**Problem requirements:** Down to the last line, transcribe the records verbatim and exclude the images.
+ + + +
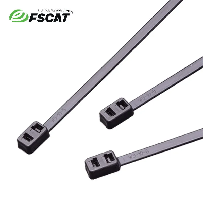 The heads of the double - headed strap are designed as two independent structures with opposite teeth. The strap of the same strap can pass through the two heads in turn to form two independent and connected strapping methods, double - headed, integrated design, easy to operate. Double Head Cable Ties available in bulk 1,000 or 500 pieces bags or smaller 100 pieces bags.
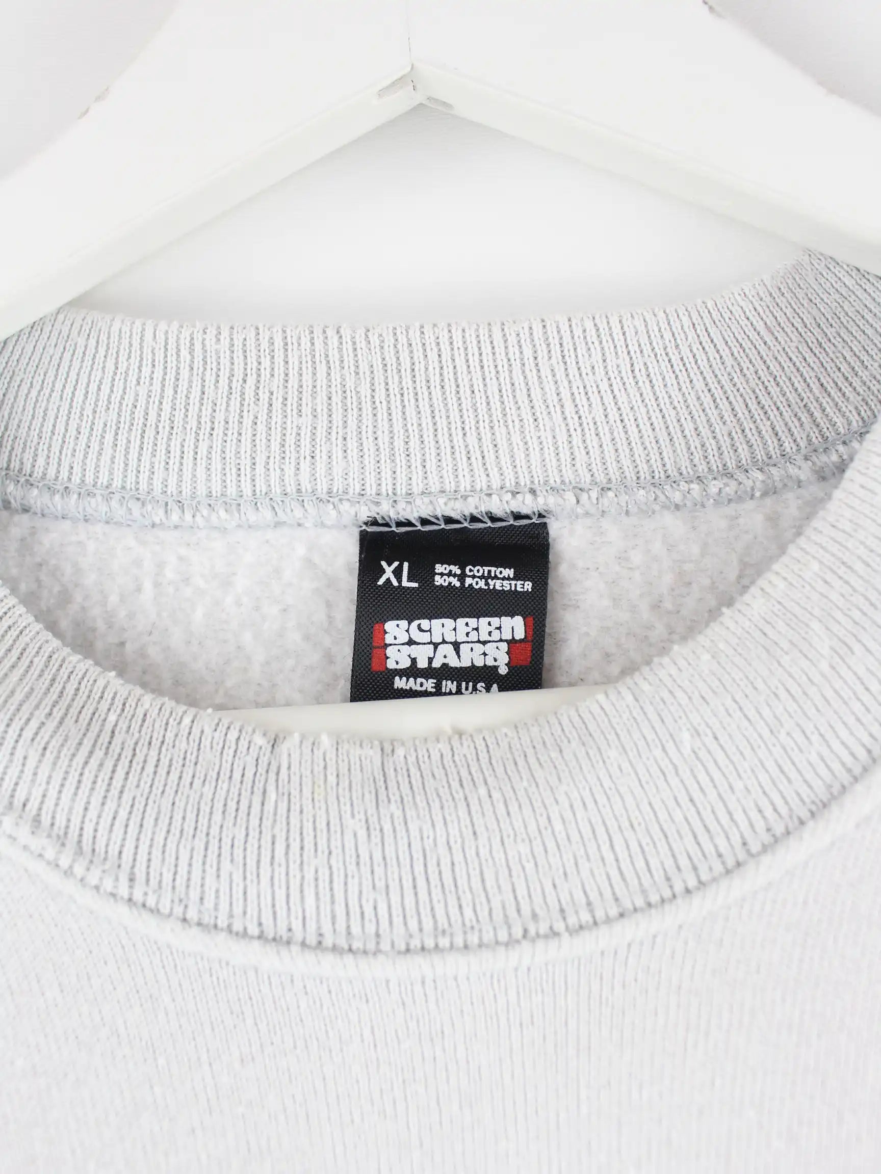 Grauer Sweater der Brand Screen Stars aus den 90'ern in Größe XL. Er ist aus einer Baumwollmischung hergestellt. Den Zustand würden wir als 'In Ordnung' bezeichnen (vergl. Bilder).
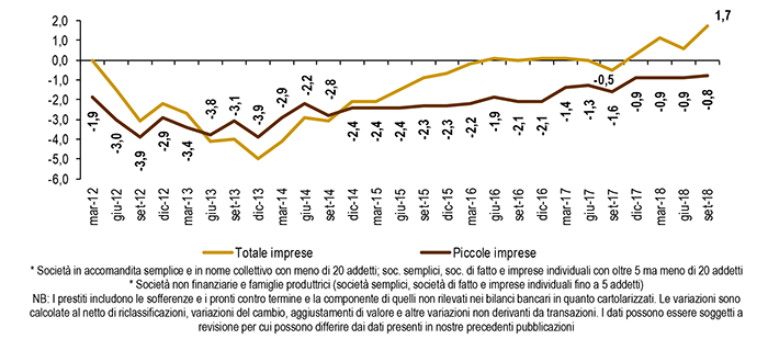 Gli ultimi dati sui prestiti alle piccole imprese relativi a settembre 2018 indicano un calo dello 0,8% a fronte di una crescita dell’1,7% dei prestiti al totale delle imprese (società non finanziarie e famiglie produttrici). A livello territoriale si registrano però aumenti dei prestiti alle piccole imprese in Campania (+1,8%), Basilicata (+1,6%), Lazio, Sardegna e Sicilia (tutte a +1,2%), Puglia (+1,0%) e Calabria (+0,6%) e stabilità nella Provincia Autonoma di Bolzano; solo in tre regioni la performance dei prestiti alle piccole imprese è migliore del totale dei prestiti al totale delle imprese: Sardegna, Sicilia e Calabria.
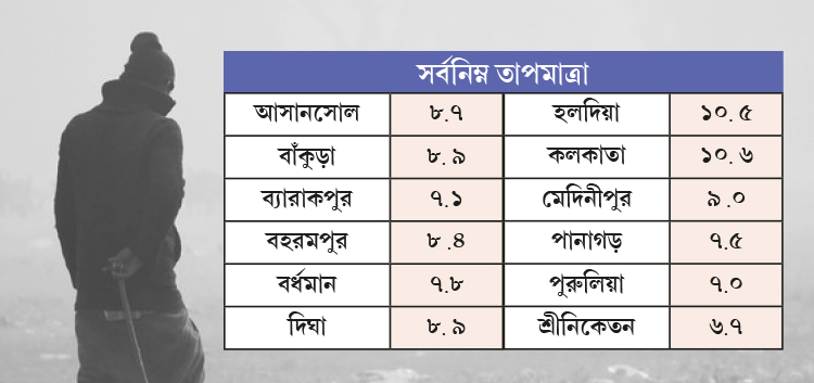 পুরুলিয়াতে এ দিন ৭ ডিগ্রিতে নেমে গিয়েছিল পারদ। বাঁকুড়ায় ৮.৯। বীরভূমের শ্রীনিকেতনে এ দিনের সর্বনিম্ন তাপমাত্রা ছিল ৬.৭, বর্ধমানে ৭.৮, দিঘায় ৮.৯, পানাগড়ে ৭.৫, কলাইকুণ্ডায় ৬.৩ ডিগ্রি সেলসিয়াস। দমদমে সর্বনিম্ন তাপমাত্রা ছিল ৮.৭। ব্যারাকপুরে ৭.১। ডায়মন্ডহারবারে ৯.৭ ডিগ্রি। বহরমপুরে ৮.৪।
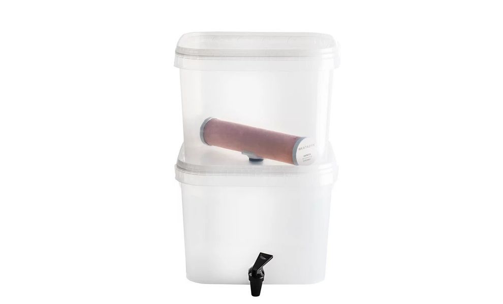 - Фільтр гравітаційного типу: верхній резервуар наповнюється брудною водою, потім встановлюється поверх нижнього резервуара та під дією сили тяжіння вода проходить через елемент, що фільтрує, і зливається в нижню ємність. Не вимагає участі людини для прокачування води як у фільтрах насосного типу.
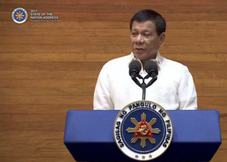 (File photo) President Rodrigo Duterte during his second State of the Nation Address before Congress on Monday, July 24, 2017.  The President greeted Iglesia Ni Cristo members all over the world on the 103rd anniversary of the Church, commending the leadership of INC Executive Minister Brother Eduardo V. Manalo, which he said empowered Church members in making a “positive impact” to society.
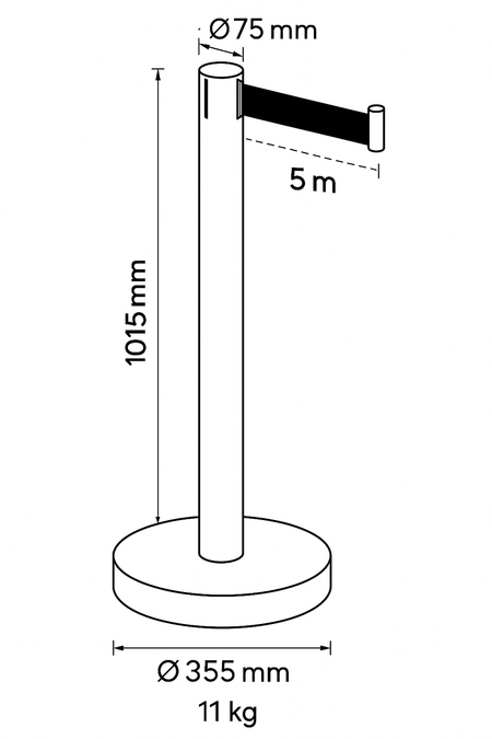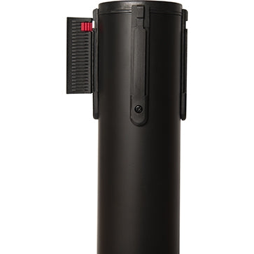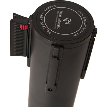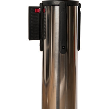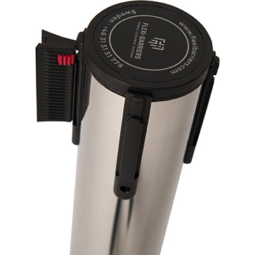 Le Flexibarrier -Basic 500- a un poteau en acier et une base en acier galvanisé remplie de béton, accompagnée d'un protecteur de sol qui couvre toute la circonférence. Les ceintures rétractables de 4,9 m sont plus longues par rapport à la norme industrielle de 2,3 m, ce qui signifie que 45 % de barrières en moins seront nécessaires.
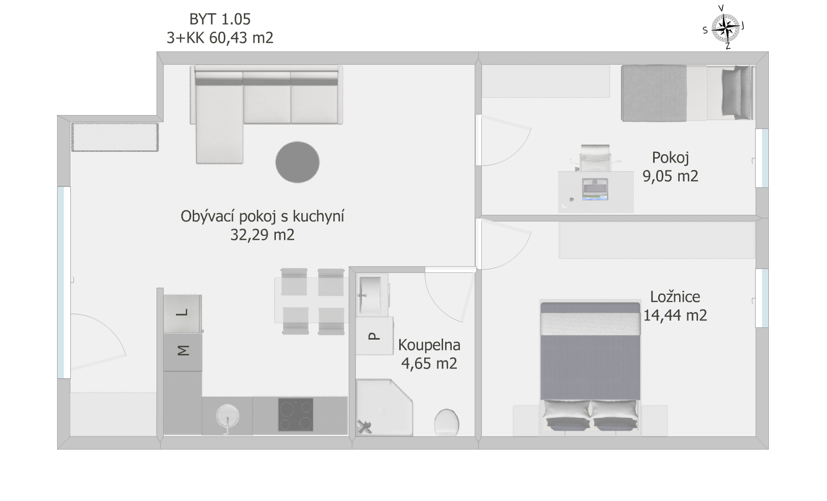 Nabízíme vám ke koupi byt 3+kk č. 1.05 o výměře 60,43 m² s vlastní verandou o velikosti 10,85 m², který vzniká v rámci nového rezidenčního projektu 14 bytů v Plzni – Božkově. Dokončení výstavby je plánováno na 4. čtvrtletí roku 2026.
+ + + +
**Exercise response:**
 The heads of the double - headed strap are designed as two independent structures with opposite teeth. The strap of the same strap can pass through the two heads in turn to form two independent and connected strapping methods, double - headed, integrated design, easy to operate. Double Head Cable Ties available in bulk 1,000 or 500 pieces bags or smaller 100 pieces bags.
 Grauer Sweater der Brand Screen Stars aus den 90'ern in Größe XL. Er ist aus einer Baumwollmischung hergestellt. Den Zustand würden wir als 'In Ordnung' bezeichnen (vergl. Bilder).
 Gli ultimi dati sui prestiti alle piccole imprese relativi a settembre 2018 indicano un calo dello 0,8% a fronte di una crescita dell’1,7% dei prestiti al totale delle imprese (società non finanziarie e famiglie produttrici). A livello territoriale si registrano però aumenti dei prestiti alle piccole imprese in Campania (+1,8%), Basilicata (+1,6%), Lazio, Sardegna e Sicilia (tutte a +1,2%), Puglia (+1,0%) e Calabria (+0,6%) e stabilità nella Provincia Autonoma di Bolzano; solo in tre regioni la performance dei prestiti alle piccole imprese è migliore del totale dei prestiti al totale delle imprese: Sardegna, Sicilia e Calabria.
 পুরুলিয়াতে এ দিন ৭ ডিগ্রিতে নেমে গিয়েছিল পারদ। বাঁকুড়ায় ৮.৯। বীরভূমের শ্রীনিকেতনে এ দিনের সর্বনিম্ন তাপমাত্রা ছিল ৬.৭, বর্ধমানে ৭.৮, দিঘায় ৮.৯, পানাগড়ে ৭.৫, কলাইকুণ্ডায় ৬.৩ ডিগ্রি সেলসিয়াস। দমদমে সর্বনিম্ন তাপমাত্রা ছিল ৮.৭। ব্যারাকপুরে ৭.১। ডায়মন্ডহারবারে ৯.৭ ডিগ্রি। বহরমপুরে ৮.৪।
 - Фільтр гравітаційного типу: верхній резервуар наповнюється брудною водою, потім встановлюється поверх нижнього резервуара та під дією сили тяжіння вода проходить через елемент, що фільтрує, і зливається в нижню ємність. Не вимагає участі людини для прокачування води як у фільтрах насосного типу.
 (File photo) President Rodrigo Duterte during his second State of the Nation Address before Congress on Monday, July 24, 2017.  The President greeted Iglesia Ni Cristo members all over the world on the 103rd anniversary of the Church, commending the leadership of INC Executive Minister Brother Eduardo V. Manalo, which he said empowered Church members in making a “positive impact” to society.
 Le Flexibarrier -Basic 500- a un poteau en acier et une base en acier galvanisé remplie de béton, accompagnée d'un protecteur de sol qui couvre toute la circonférence. Les ceintures rétractables de 4,9 m sont plus longues par rapport à la norme industrielle de 2,3 m, ce qui signifie que 45 % de barrières en moins seront nécessaires.
 Nabízíme vám ke koupi byt 3+kk č. 1.05 o výměře 60,43 m² s vlastní verandou o velikosti 10,85 m², který vzniká v rámci nového rezidenčního projektu 14 bytů v Plzni – Božkově. Dokončení výstavby je plánováno na 4. čtvrtletí roku 2026.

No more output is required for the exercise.